News
October 17th, 2007:
Web-Harvest 1.0 released.
- GUI is introduced.
- html-to-xml processor exposes attributes for controlling cleaner's behaviour.
- More scripting languages and features supported.
- Access to HttpClient in runtime supported.
- Number of other improvements and fixes.
April 16th, 2007:
SVN support is added.
January 16th, 2007:
Web-Harvest 0.5 released.
- html-to-xml parser is changed - HtmlCleaner is used instead of TagSoup.
- Script processor is introduced.
- template processor is now based on BeanShell instead of OGNL.
- Types are introduced in XQuery parameters.
- Few new constructors are added in class ScraperConfiguration.
- file and include processors now support both relative and absolute paths.
- Web-Harvest variables are case-sensitive from this version.
October 27th, 2006:
Web-Harvest 0.3 released.
- HTTP authentication supported - two new optional attributes -
username and password added to http processor.
- URL encoding bug fixed: special character # is no more encoded.

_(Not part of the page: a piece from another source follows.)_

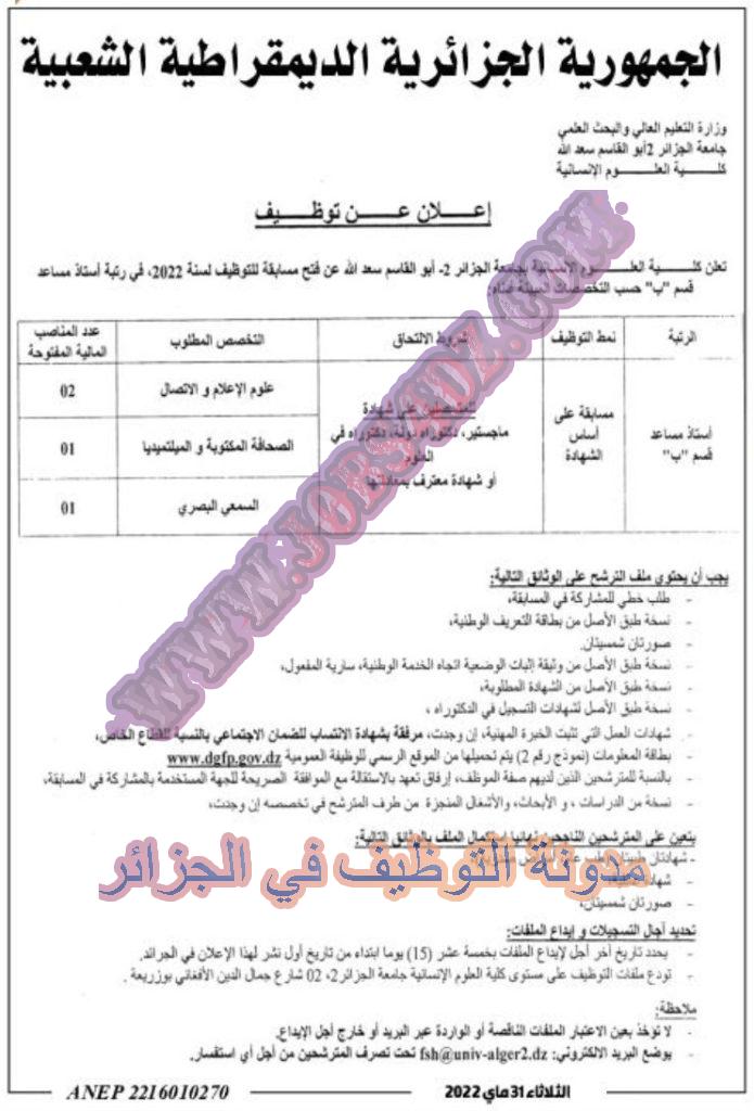تعلن كلية العلوم الانسانية جامعة الجزائر 2 عن فتح مسابقة توظيف اساتذة مساعدين قسم ب على اساس الشهادة بعنوان السنة المالية 2022 كما هو موضح ادناه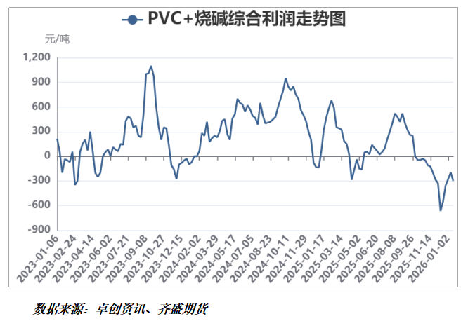 从年内淡旺季来看,PVC淡季通常集中在1—3月(冬季和春节)和10—12月(北方停工),旺季则出现 在3—5月(春季建筑高峰)和9—11月(秋季需求增长)。目前已经临近春节,北方PVC企业受天气影 响多数停产,而南方终端企业受春节假期影响也陆续放假,PVC需求端接近停滞。 2025年,PVC在产能扩张压力下一路向下,尤其是下半年加速下滑,一度跌破4500/元/吨大关,不仅跌 破疫情期间的最低点,而且创出上市以来最低点。不过,随着连续大跌后亏损加剧,成本端支撑逐渐体 现,PVC逐渐摆脱底部区间,但是在需求及出口退税取消的压制下,PVC反弹有限,上方阻力依然存 在。 PVC估值修复 近几年,PVC价格持续下跌,屡创新低,PVC利润也持续压缩,其中外采电石法已经持续亏损近三年, 亏损一度超过1500元/吨。不过,PVC生产企业多为氯碱一体化企业,多数时间烧碱利润能够覆盖PVC 亏损,PVC并未因为亏损而降负荷,成本支撑作用未能体现。 2025年下半年烧碱价格也持续下跌,烧碱利润压缩明显,PVC+烧碱综合利润也出现亏损,最多超过 600元/吨。在巨大的亏损背景下,氯碱企业开始降负荷,PVC供应压力缓解,随着价格反弹, ...

- HTML cleanup fixed - no more default attributes are created if they don't exist in
original XML.
- Examples adjusted and all functional again.
October 12th, 2006:
Web-Harvest 0.261 released.
- Minor bug that caused command line ClassNotFound exception is fixed.
September 28th, 2006:
Web-Harvest 0.26 released.
September 22nd, 2006:
Web-Harvest 0.25 released.
- Support for HTTP proxy credentials added.
September 13th, 2006:
Web-Harvest 0.24 released.
- Relative redirection URLs bug fixed.
September 7th, 2006:
Web-Harvest 0.23 released.
- Support for HTTPS pages with self-signed certificates added.
September 6th, 2006:
Web-Harvest 0.22 released.
- Support for HTTP proxies added.
September 6th, 2006:
Web-Harvest 0.21 released.
- Circular redirection in HTTP client is enabled.
September 4th, 2006:
Licence type changed to BSD.
September 1st, 2006:
Web-Harvest 0.2 released.
|